- _Task prompt_:
When you return the data, keep every word exact and include none of the images.

- _Data segment_:
- Opening Delimiter -

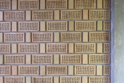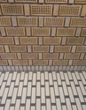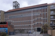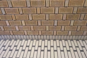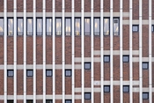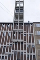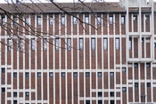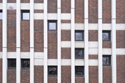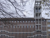 De vertikale betonpilastre indrammer murede moduler i rød sækkeskuret mursten. Pilastrene giver facaden dybde samtidig med at de vertikale elementer forbinder til kirkens tårn. Tårnet har et strukturelt konstruktivt udtryk.
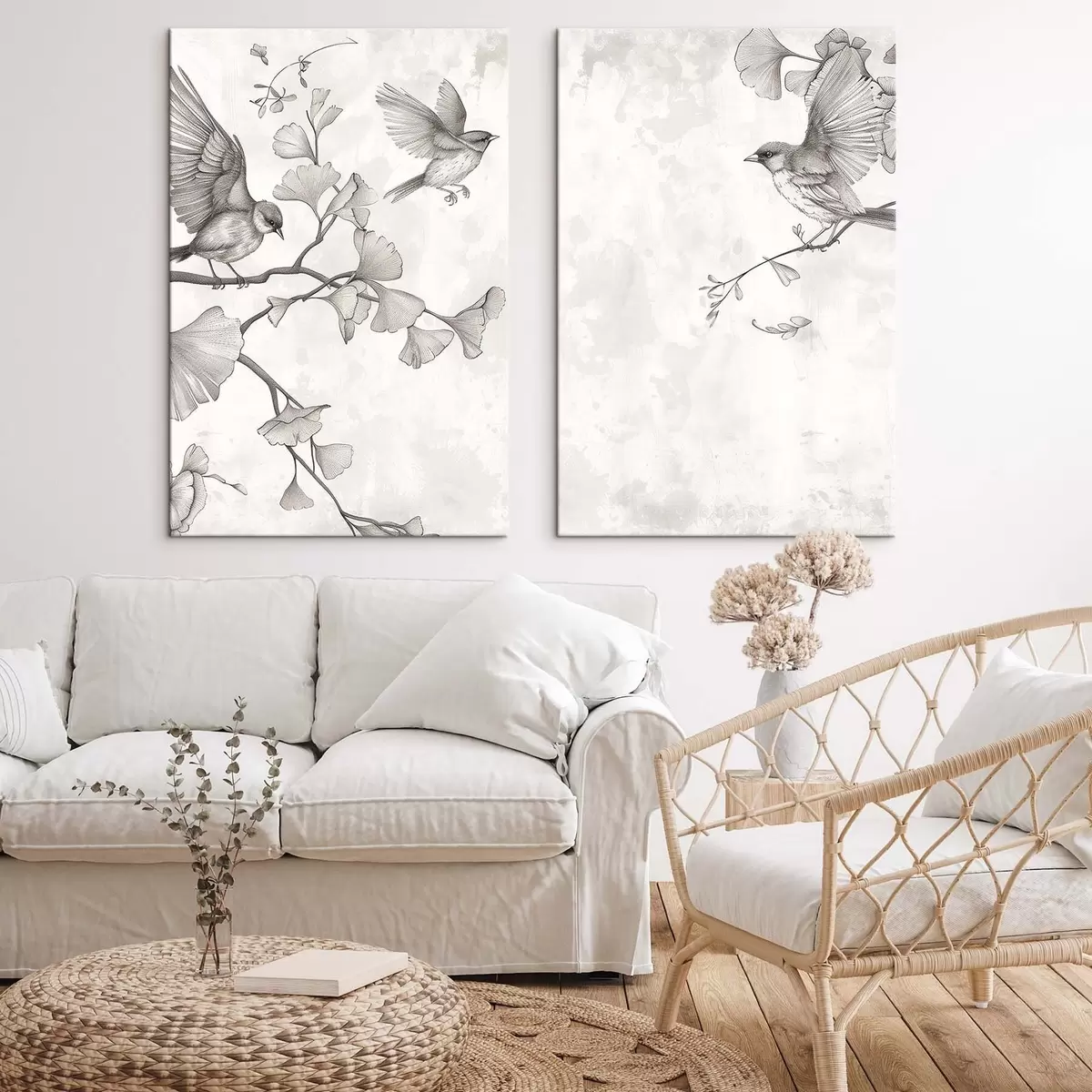 Cuadros Pájaros en las ramas de un ginkgo Nr m30380
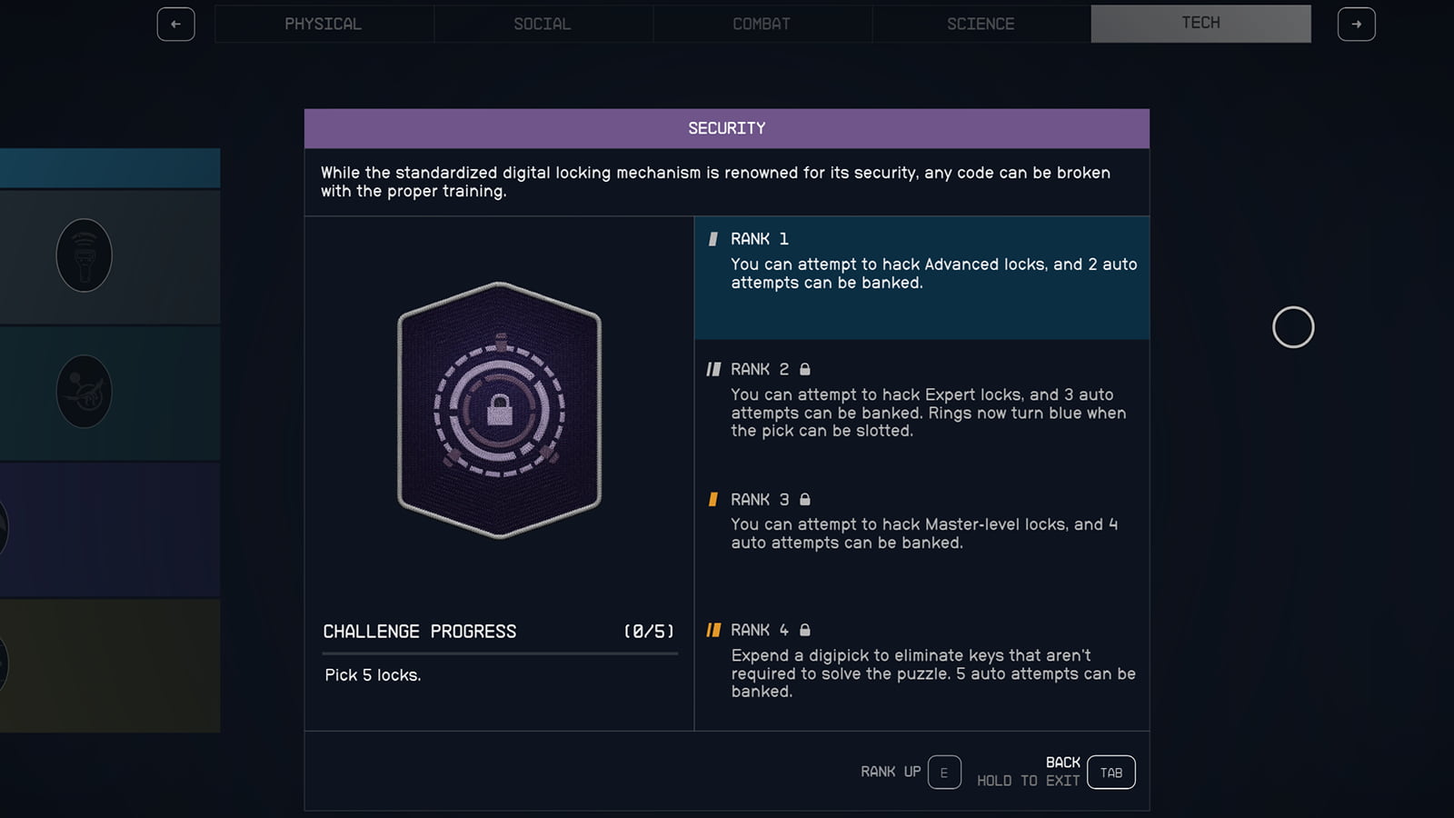However, you won’t be able to unlock this immediately. Every rank has specific challenges you must complete before you are eligible to rank up. For example, going from level one to two requires picking at least five locks, increasing as you reach subsequent ranks.

- Closing Delimiter -

- _Exercise solution_:
 De vertikale betonpilastre indrammer murede moduler i rød sækkeskuret mursten. Pilastrene giver facaden dybde samtidig med at de vertikale elementer forbinder til kirkens tårn. Tårnet har et strukturelt konstruktivt udtryk.
 Cuadros Pájaros en las ramas de un ginkgo Nr m30380
However, you won’t be able to unlock this immediately. Every rank has specific challenges you must complete before you are eligible to rank up. For example, going from level one to two requires picking at least five locks, increasing as you reach subsequent ranks.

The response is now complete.